We aim to create the optimal subset of ultrasound video frames via dataset distillation. Our approach involves three steps to find this optimal subset. First, we trained the generator from the GAN to be the transform function that changes the latent vector to the image. Second, we trained the latent vector or the distilled images through dataset distillation algorithms to make it representative of each class. Third, we identified the most similar images based on the distilled images.

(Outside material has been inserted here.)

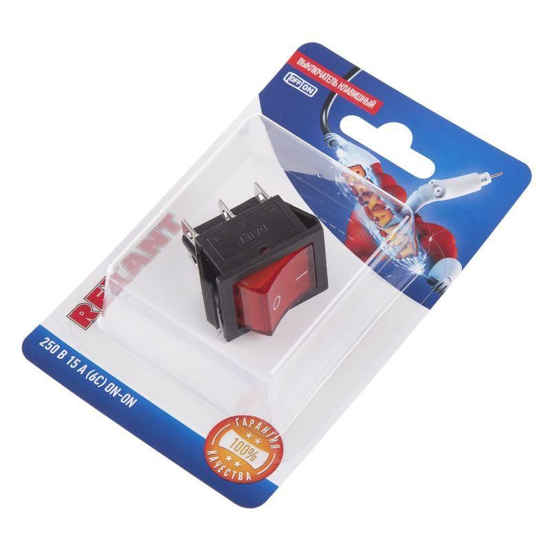 Выключатель клавишный 250В 15А (6с) ON-ON красн. с подсветкой (RWB-506 SC-767) блист. Rexant 06-0305-B

This repository contains the necessary files to set up and run a Python application in a Docker container. The Docker image is built using a python:3.10.12-slim-buster
base image.
-
Docker: Make sure Docker is installed on your system. You can download and install Docker from the official website:
-
GPU: Install Follow the official NVIDIA Container Toolkit:
First, download our repo:
git clone https://github.com/Jack47744/ultrasound_subset.git
cd ultrasound_subset
To build the docker image, please run
docker build -t process_ultrasound_video .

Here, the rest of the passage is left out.